4. Agents that register their own connections can be steered into your network

Our CLI speaks the Model Context Protocol, which lets an agent connect to external tool servers by URL. The fetch path had no egress controls. An agent that could be convinced to register a server pointing at 169.254.169.254, the cloud metadata endpoint, or at an internal service on a private range could be turned into a server-side request forgery primitive. This is the agent-era version of a classic SSRF, and it generalizes. Any capability that lets the model choose a URL to call is an egress decision that belongs to your network policy, not to the model. We added a guard that blocks link-local and private ranges by default while still allowing the local servers people legitimately run.

5. Trust that grants itself is not trust

There was a trust system designed to stop a malicious project from injecting instructions into the agent, and it auto-trusted every new directory the first time it was opened. The protection existed and defeated itself in the same breath. Clone a hostile repository, open it, and its instructions loaded as if you had vouched for them. A trust boundary that grants itself is decoration. The fix was to make the human do the granting.

6. The supply chain is part of the agent

Two findings had nothing to do with the agent’s runtime and everything to do with whether it could be trusted to keep working. The model identifiers were hardcoded and had quietly gone stale. One had already been retired by the provider and was returning errors, and others were days from the same fate. We replaced the hardcoded list with live discovery from each provider, so the agent learns what models exist instead of asserting it. A routine dependency audit also turned up eleven known vulnerabilities, two of them critical, which we cleared as part of the release.

Agents are long-lived processes wired to a half-dozen external services. The supply chain, meaning model endpoints, package dependencies, and the provenance of what you install, is not adjacent to the agent’s security. It is the agent’s security.

7. A fix that never ships is not a fix

The finding with the sharpest governance lesson was not in the code at all. It was in the release pipeline. Three consecutive releases had failed to publish to the package registry, silently, because the failure was buried in a build step nobody was watching. The practical effect: every user was running a version several releases behind, unable to receive any of the fixes above even after we wrote them.

This is the gap that governance exists to close. “Fixed in the main branch” and “shipped to the people running it” are different states, and the distance between them is where security debt accumulates. An audit that produces patches nobody can install has produced a report, not a remediation. We fixed the pipeline first, and then everything else could actually reach a user.

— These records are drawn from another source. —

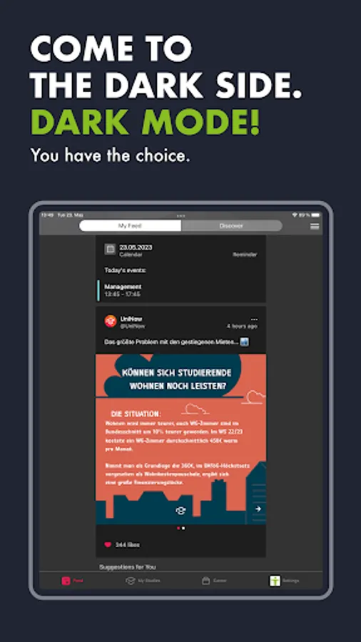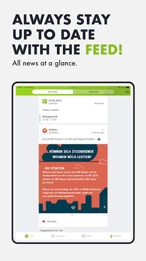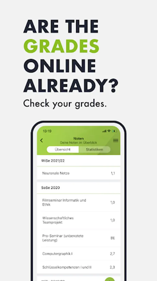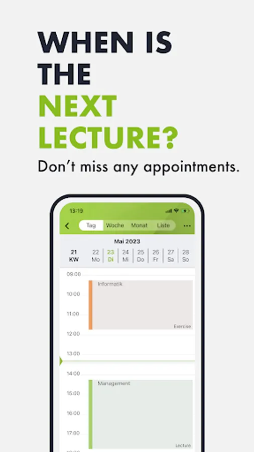 The app is your team partner on campus, which is impressive and integrates perfectly into your daily study routine. In no time at all, you have all the important information about your studies with you, wherever you are. You'll be surprised how easy it is.
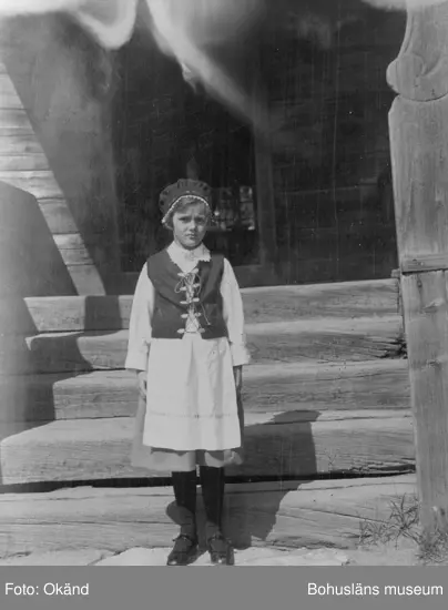 "Märta Emanuelsson i Bohusdräkt sydd av Elsa Peterson".
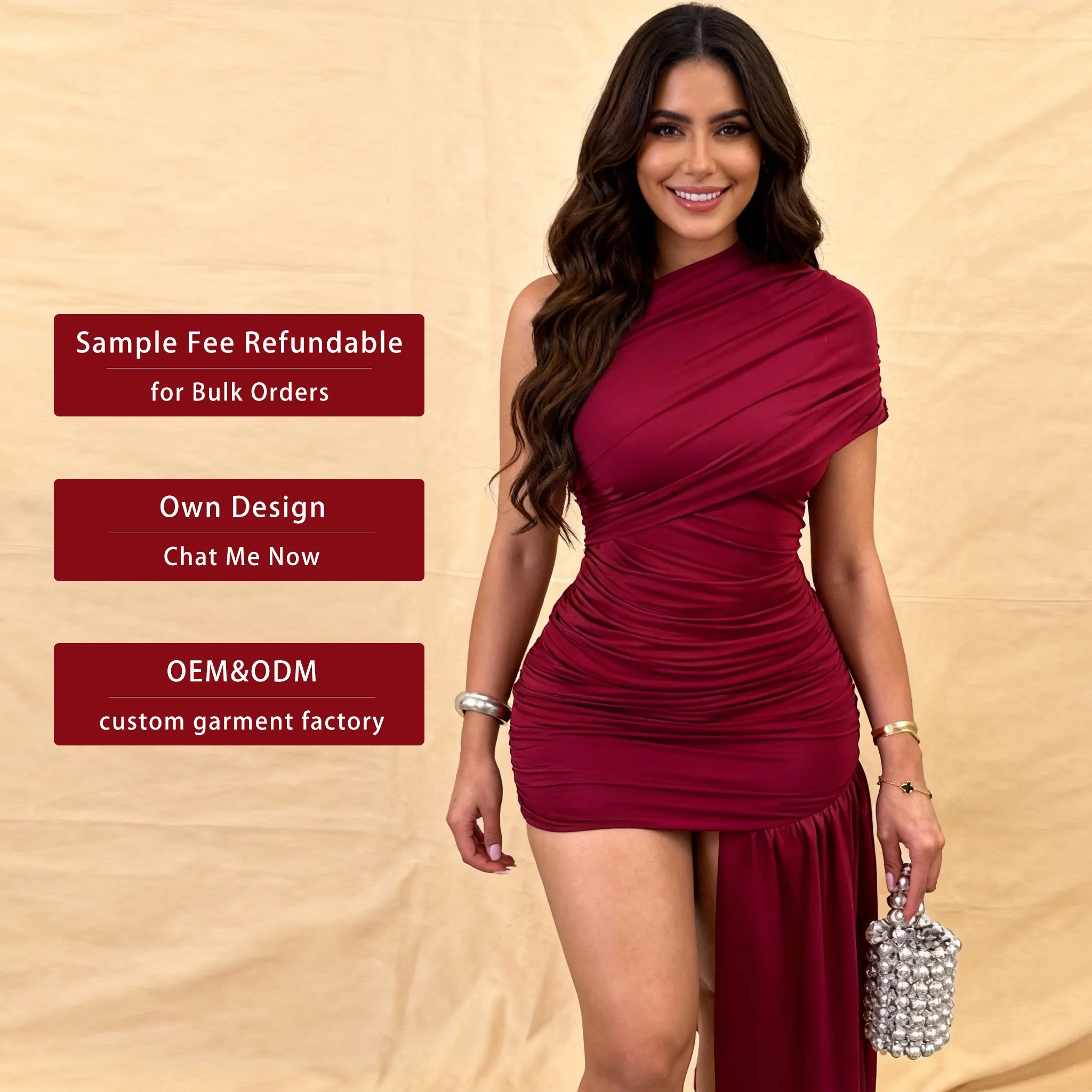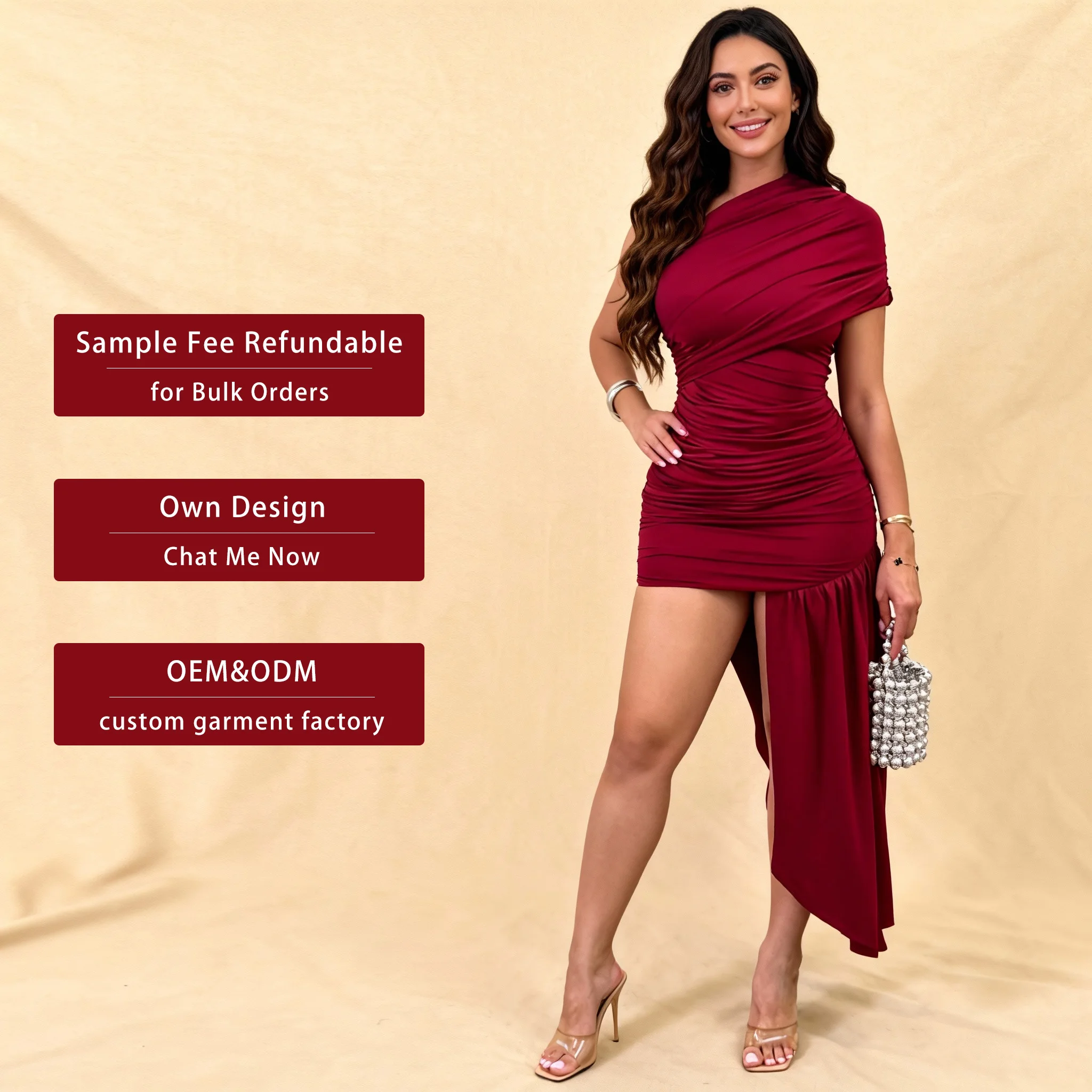 Wholesale Elegant One Shoulder Asymmetric Hem Party Dress Draped Bodice Design Slim Fit Sexy Ruched High-Low Mini Dress
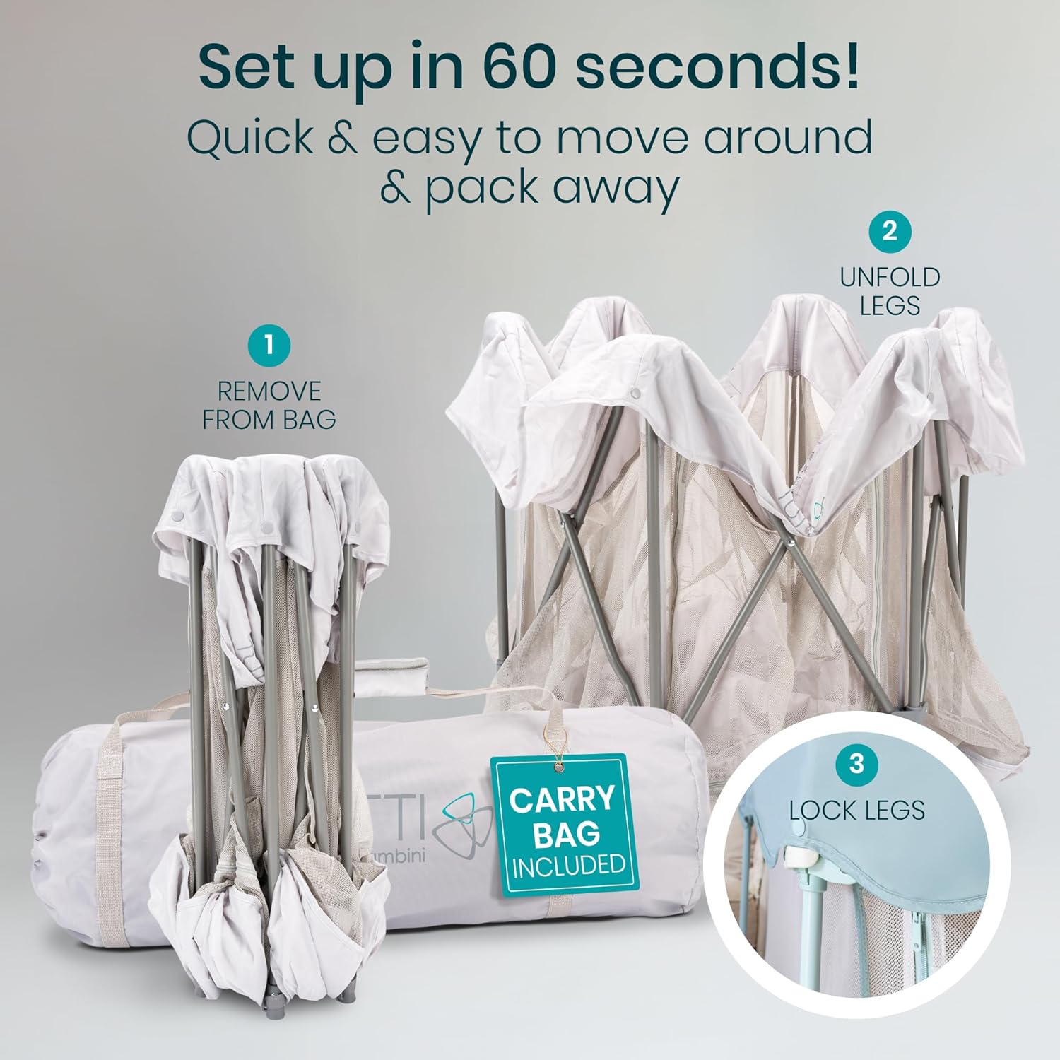 - FOLD AWAY PLAYPEN – Keep your little one safe and entertained as you go about your day with Tutti Bambini’s foldable baby play pen! The pop up play pen neatly fits into the included travel bag, ensuring convenience wherever your adventures take you. *PLAY BALLS NOT INCLUDED
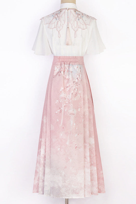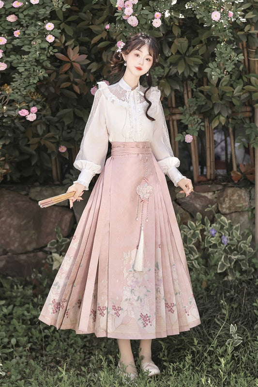 チャイナレースフリルブラウス+プリーツスリットロングスカート
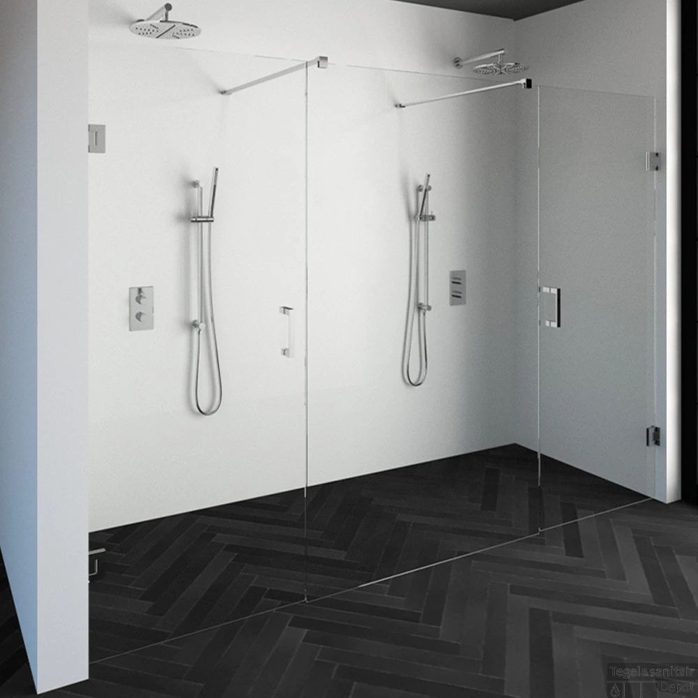 Deze complete niscabine bestaat uit een vrijstaande doorloopwand met twee draaideuren met Chroom beslag. Inclusief glasbehandeling en optionele kunststof profielen. De hoogte van de niscabine is 200 cm. Deze niscabine is modern straalt luxe uit door zijn design en kleur.
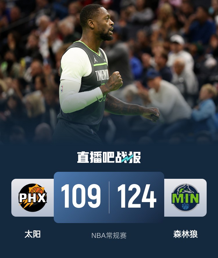兰德尔25+6+8 杜兰特23+6 布克14中4 森林狼横扫太阳
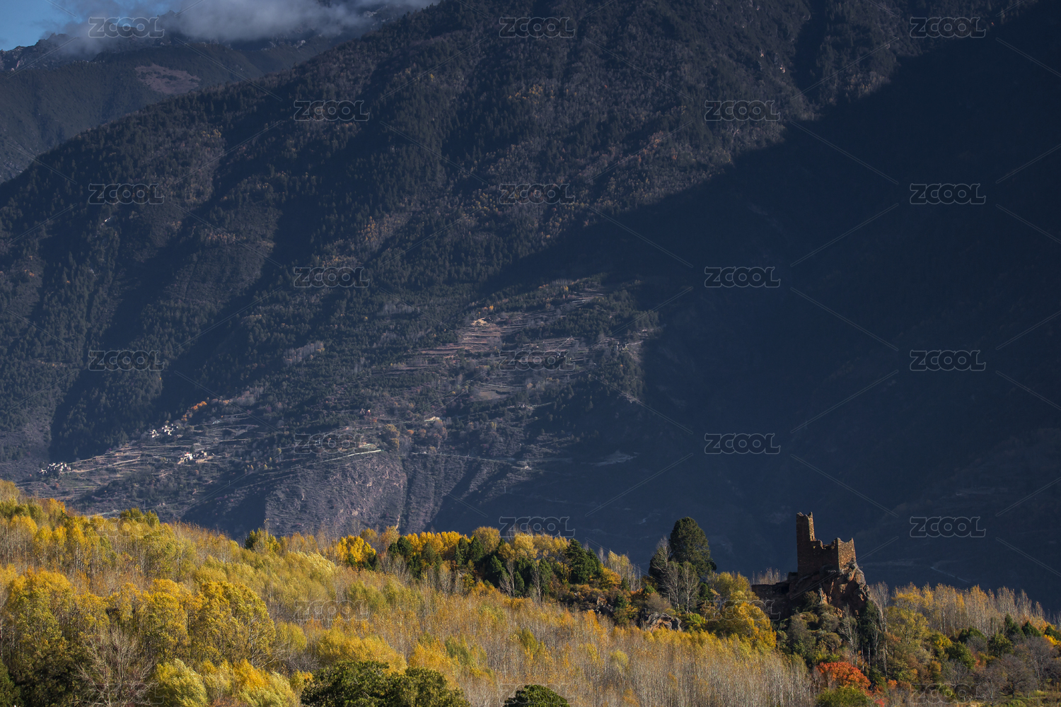 四川丹巴县甲居藏寨秋季民居碉楼风光

The discipline is the product

None of these is exotic, and that is the point. Command injection, fail-open isolation, unbounded egress, self-granting trust, a stale supply chain, and a broken release path are the standard surface of any system that lets a model act in the world. If you run agents in the enterprise, this is the class of risk you inherit, whether or not anyone has written it down.

We found ours by looking, on purpose, against a checklist, before the issues had a chance to matter. Then we shipped the fixes, and the pipeline that lets fixes ship. The work was tedious and unglamorous, which is exactly what security work is. The agents and the tooling are the visible product. The discipline of auditing them, hardening them, and getting the fixes into users’ hands is the real one.